Across the frontier in the northwest
was gathering the third army of invasion, some sixty
thousand strong, commanded by Marshal Massena, Prince
of Esslingen, the most skilful and fortunate of all
Napoleon’s generals, a leader who, because he
had never known defeat, had come to be surnamed by
his Emperor “the dear child of Victory.”
Wellington, at the head of a British
force of little more than one third of the French
host, watched and waited, maturing his stupendous
strategic plan, which those in whose interests it had
been conceived had done so much to thwart. That
plan was inspired by and based upon the Emperor’s
maxim that war should support itself; that an army
on the march must not be hampered and immobilised
by its commissariat, but that it must draw its supplies
from the country it is invading; that it must, in
short, live upon that country.
Behind the British army and immediately
to the north of Lisbon, in an arc some thirty miles
long, following the inflection of the hills from the
sea at the mouth of the Zizandre to the broad waters
of the Tagus at Alhandra, the lines of Torres Vedras
were being constructed under the direction of Colonel
Fletcher and this so secretly and with such careful
measures as to remain unknown to British and Portuguese
alike. Even those employed upon the works knew
of nothing save the section upon which they happened
to be engaged, and had no conception of the stupendous
and impregnable whole that was preparing.

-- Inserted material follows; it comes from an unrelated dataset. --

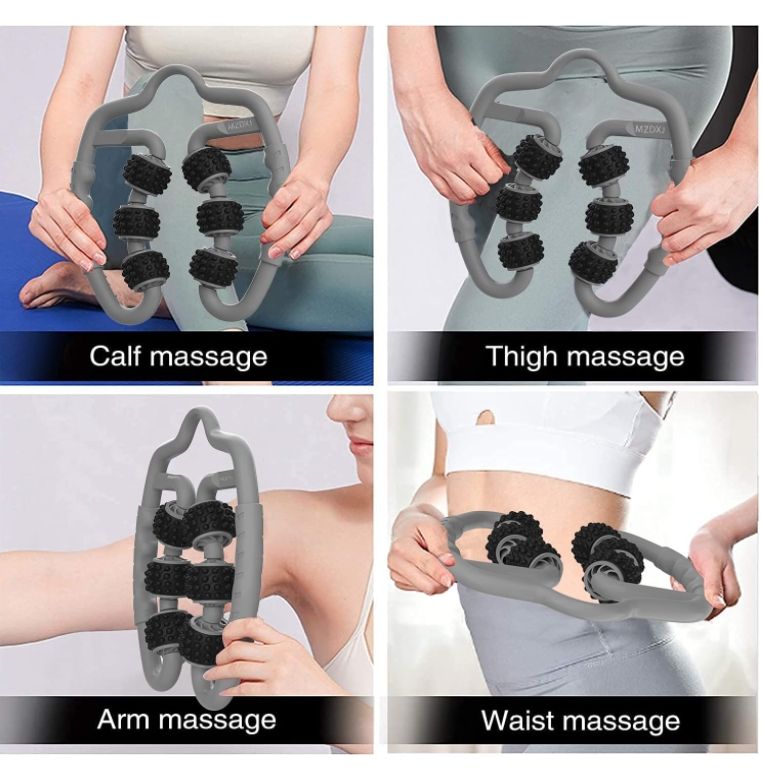 Rodillo de masaje muscular Fascia de seis ruedas para aliviar el dolor muscular Muslo Reducir la celulitis Masaje de tejidos profundos

To these lines it was the British
commander’s plan to effect a slow retreat before
the French flood when it should sweep forward, thus
luring the enemy onward into a country which he had
commanded should be laid relentlessly waste, that
there that enemy might fast be starved and afterwards
destroyed. To this end had his proclamations gone
forth, commanding that all the land lying between
the rivers Tagus and Mondego, in short, the whole
of the country between Beira and Torres Vedras, should
be stripped naked, converted into a desert as stark
and empty as the Sahara. Not a head of cattle,
not a grain of corn, not a skin of vine, not a flask
of oil, not a crumb of anything affording nourishment
should be left behind. The very mills were to
be rendered useless, bridges were to be broken down,
the houses emptied of all property, which the refugees
were to carry away with them from the line of invasion.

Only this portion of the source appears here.